> ASSIGNMENT
An exact reproduction is required of the lines from the beginning of the entries through the line with "With increasing popularity", pictures excluded and nothing added.

> RECORDS FOR THE TASK
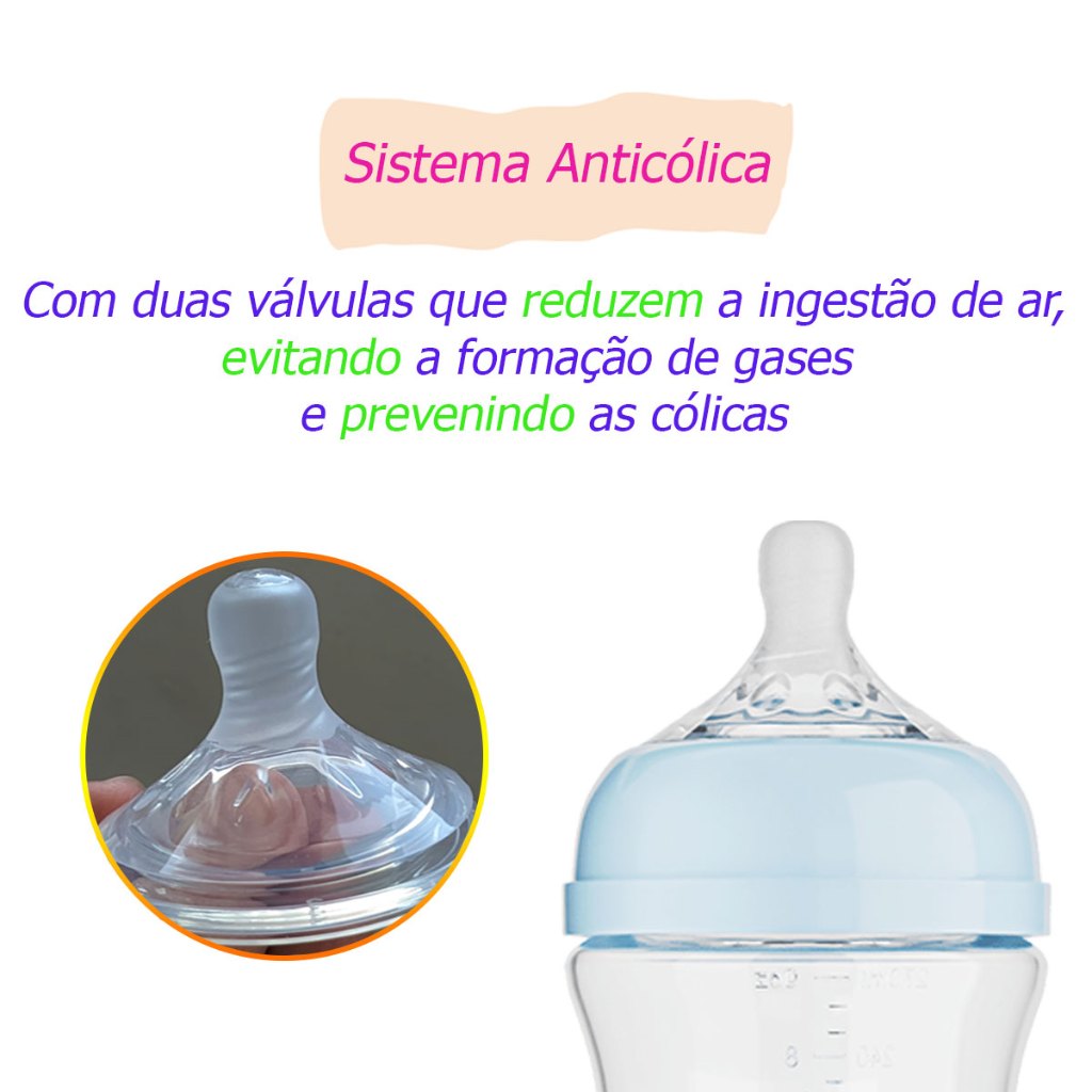 Mamadeira para Bebês 4 meses ou mais com Bico Silicone Design Ergonômico Vedação Segura Buba
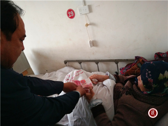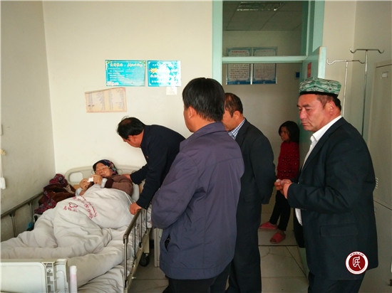 新疆民生网讯 (通讯员 徐大伟 买买提江·玉素甫 )2017年4月9日上午,当阿克苏市依干其村(社区)联合党委第一书记、潞新公司“访惠聚”驻依干其村工作队队长吾斯满·玉素甫将6100元钱交给躺在病床上的孤寡老人吐拉汉·吾秀的手里时,老人家感动得老泪纵横,连声说:“感谢党组织的恩情,没有你们的关怀和帮助,我这把老身子骨早就撑不住了……”
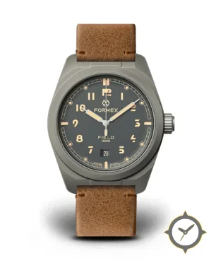 Eine Field-Uhr mit einem markanten 45.5mm Auftritt am Handgelenk, gefertigt aus Titan mit einem Zifferblatt in grau und einer besonderen "matte"-Oberfläche.
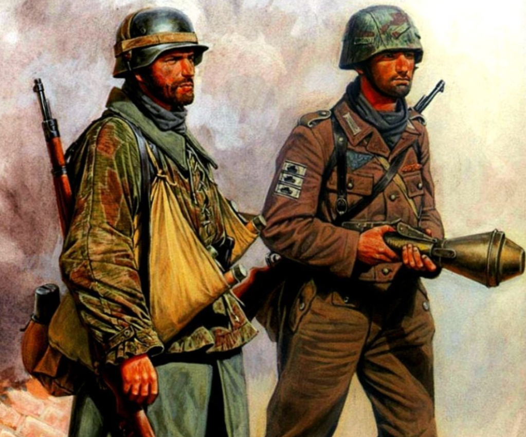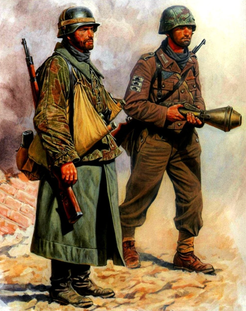 Dreta: Soldat d’infanteria de la Wehrmacht de la Brigada antitanc “Friedrich”. Aquesta unitat destruïa els tancs soviètics mitjançant llançacoets i granades. Aquesta unitat es va formar amb milicians i soldats de la Wehrmacht (de les unitats donades d’alta o llicenciades). Porta al braç tres cintes amb la Tank Destruction Badge en plata, una per cada tanc destruït, i que testifiquen que es tracta d’un soldat experimentat. Està equipat amb una carabina 98K de 7,92mm i un Panzerfaust.
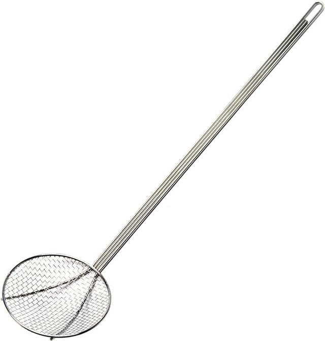 With increasing popularity of crawfish boils and large batch outdoor cooking, the Bayou 36 in mesh skimmer is a must have accessory. The sturdy 36 in handle stirs deep into large size boiling pots. The 8 in bowl serves a large amount of crawfish, shrimp, peanuts and vegetables. Use open loop at handle end to hang on the wall until next event. Perfect compliment to Bayou boilers.
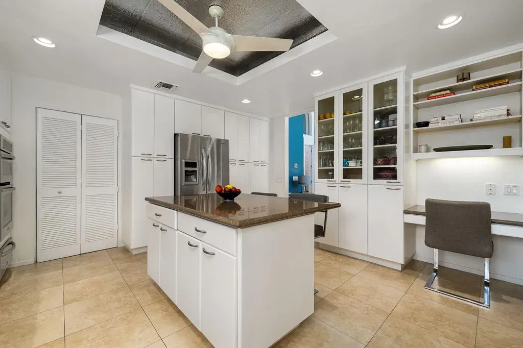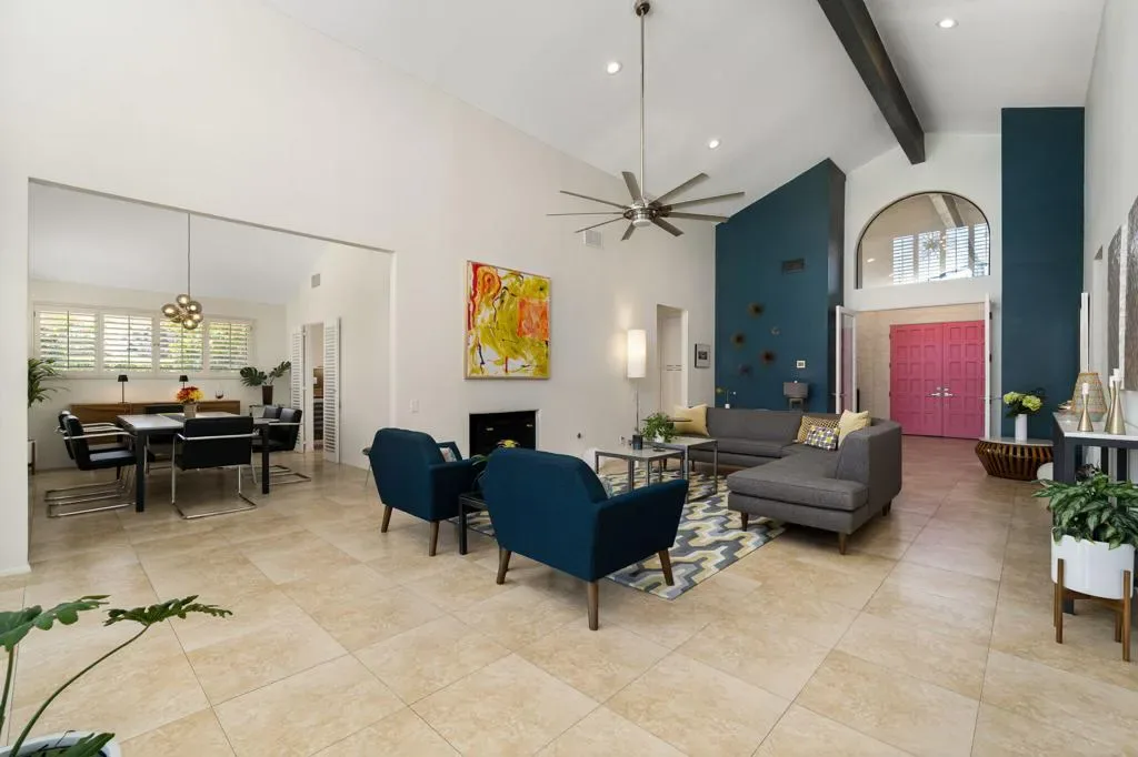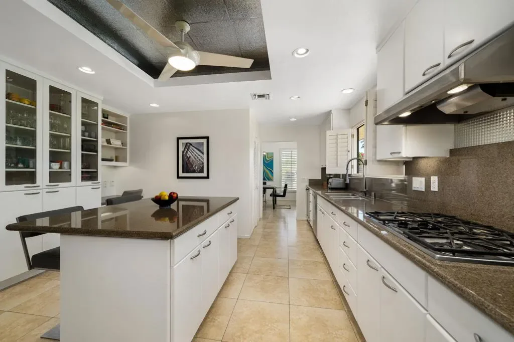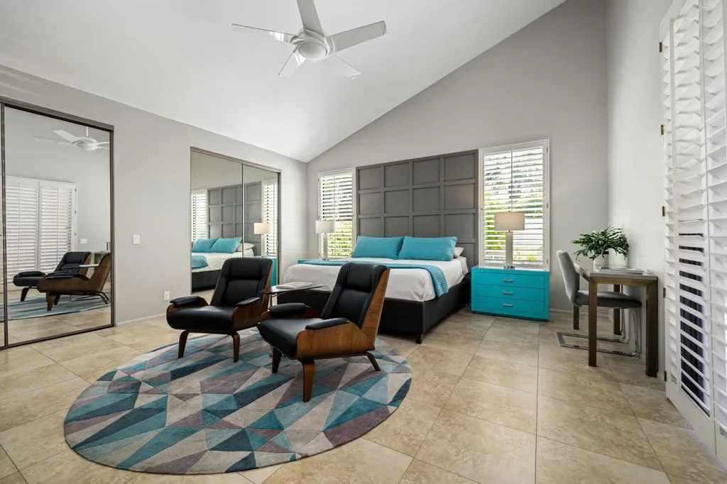 Fabulous Rancho Mirage Vacation Retreat in Presidential Estates Located in the heart of Rancho Mirage, this stunning home is set within the quiet, gated community of Presidential Estates. Designed with modern style and comfort in mind, it features floor-to-ceiling windows that seamlessly blend indoor and outdoor living. The spacious living room boasts vaulted ceilings, a cozy fireplace, wet bar, and expansive views of the sparkling pool and outdoor entertaining area. The gourmet kitchen is fully equipped with abundant cabinet space, an island, and everything you need for hosting or enjoying relaxed meals at home. A formal dining room offers the perfect setting for gathering with family and friends. The luxurious primary en-suite includes a split king bed with individually adjustable tilt. One additional en-suite provides ideal guest accommodation, 3rd en-suite is set up as a den/office. All bathrooms have been beautifully remodeled with a sleek, modern design. Step outside to your private backyard oasis featuring a lap pool with water features, spacious covered patio, full-size Weber gas grill, and seating areas perfect for lounging or entertaining. Residents and guests also enjoy access to the community tennis courts, pool, and spa, while the home’s owned solar system provides added efficiency. Situated directly across from Mission Hills Golf Course, this home places you minutes from world-class golf, dining, and shopping. Don’t miss the opportunity to experience this fabulous Rancho Mirage seasonal rental!
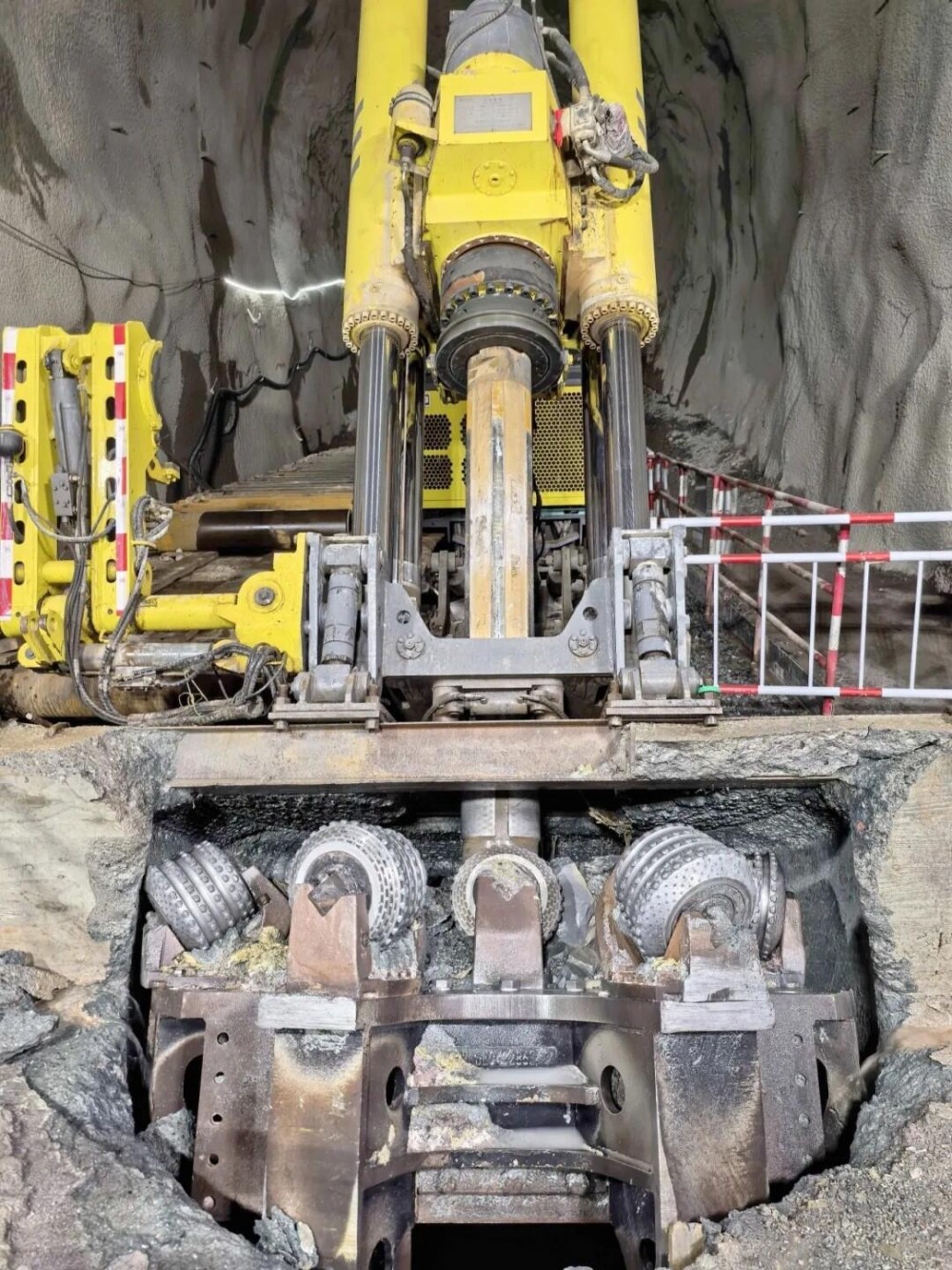 9月23日10点58分,随着反井钻机反拉钻杆缓缓转动,重达数吨的反井钻钻头破岩而出,九峰山抽水蓄能电站3#引水上斜井导井反拉顺利完成,标志着电站输水发电系统上斜井段3条导井施工全部完成!
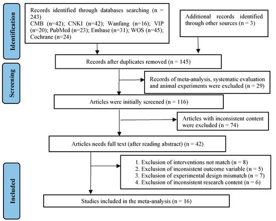 Two researchers (JQ.Y and M.Y) searched and screened the database according to title, abstract, and full text. Altogether, 246 articles were identified, 243 by searching in various databases and 3 supplementary articles through manual retrieval. After importing the literature management software EndNote X9 to remove duplicate literature, a total of 145 articles were included. After reading the literature titles and abstracts, 103 irrelevant articles were excluded, leaving 42 articles, and after further reading the full text, 26 articles were excluded. Therefore, finally 16 articles on RCTs were included in meta-analysis (Figure 1). Table 1 displays the characteristics of the included studies.
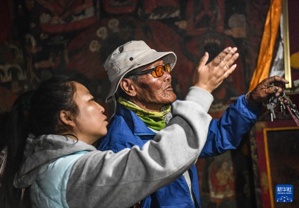 皮央和东嘎石窟遗址文保员仁增旺扎老人给游客讲解壁画(5月26日摄)。
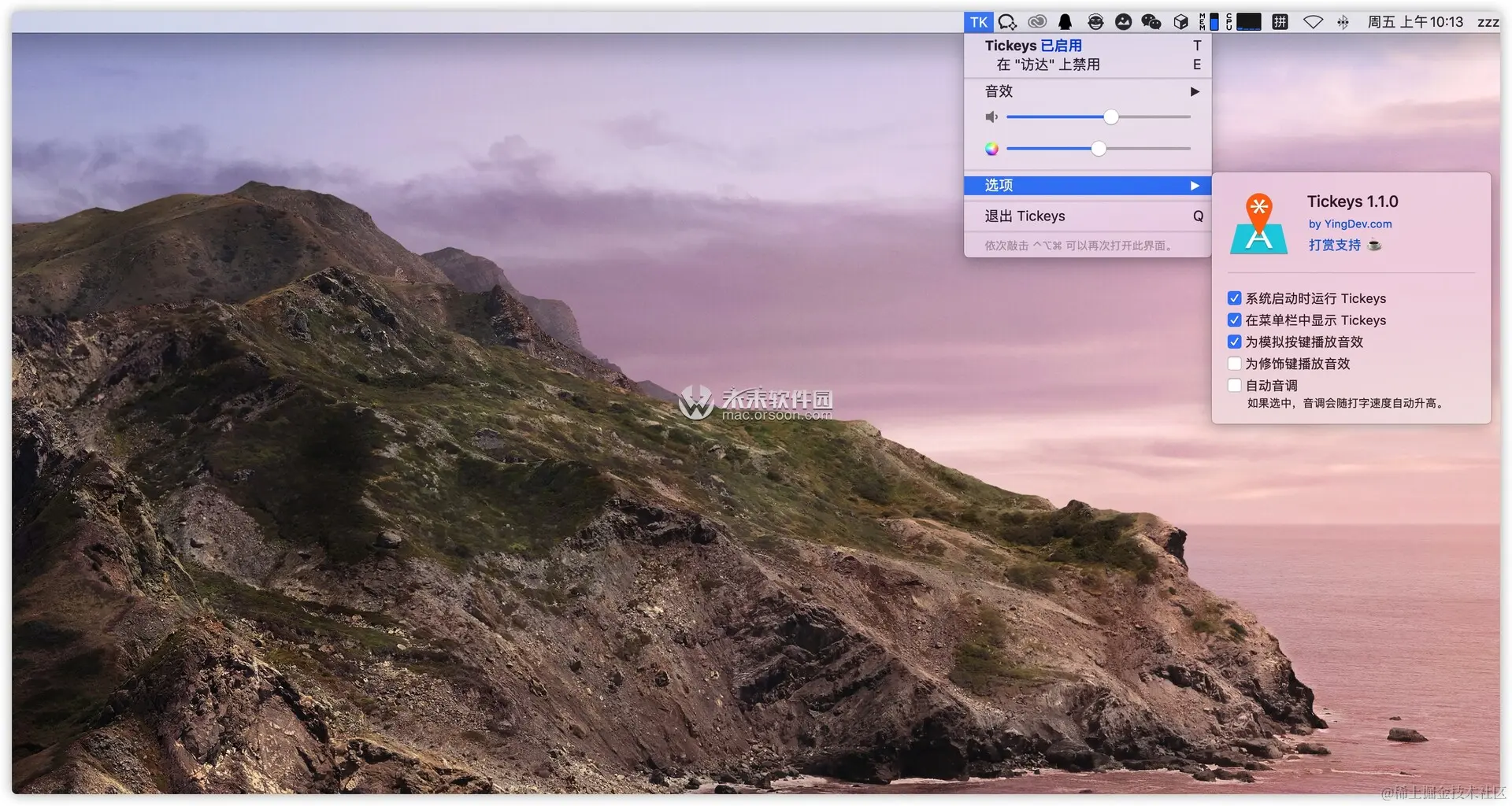 tickeys mac 中文版是一款适用于 Mac 的键盘音效工具,可以在打字时模拟打字机的声音。内置冒泡、机械键盘、打字机、剑气、Cherry G80-3000、Cherry G80-3494、爆裂鼓手键盘音效,如果你经常在深夜写作,不妨尝试一下这个键盘音效小工具 - Tickeys。

> YOUR RESPONSE
 Mamadeira para Bebês 4 meses ou mais com Bico Silicone Design Ergonômico Vedação Segura Buba
 新疆民生网讯 (通讯员 徐大伟 买买提江·玉素甫 )2017年4月9日上午,当阿克苏市依干其村(社区)联合党委第一书记、潞新公司“访惠聚”驻依干其村工作队队长吾斯满·玉素甫将6100元钱交给躺在病床上的孤寡老人吐拉汉·吾秀的手里时,老人家感动得老泪纵横,连声说:“感谢党组织的恩情,没有你们的关怀和帮助,我这把老身子骨早就撑不住了……”
 Eine Field-Uhr mit einem markanten 45.5mm Auftritt am Handgelenk, gefertigt aus Titan mit einem Zifferblatt in grau und einer besonderen "matte"-Oberfläche.
 Dreta: Soldat d’infanteria de la Wehrmacht de la Brigada antitanc “Friedrich”. Aquesta unitat destruïa els tancs soviètics mitjançant llançacoets i granades. Aquesta unitat es va formar amb milicians i soldats de la Wehrmacht (de les unitats donades d’alta o llicenciades). Porta al braç tres cintes amb la Tank Destruction Badge en plata, una per cada tanc destruït, i que testifiquen que es tracta d’un soldat experimentat. Està equipat amb una carabina 98K de 7,92mm i un Panzerfaust.
 With increasing popularity of crawfish boils and large batch outdoor cooking, the Bayou 36 in mesh skimmer is a must have accessory. The sturdy 36 in handle stirs deep into large size boiling pots. The 8 in bowl serves a large amount of crawfish, shrimp, peanuts and vegetables. Use open loop at handle end to hang on the wall until next event. Perfect compliment to Bayou boilers.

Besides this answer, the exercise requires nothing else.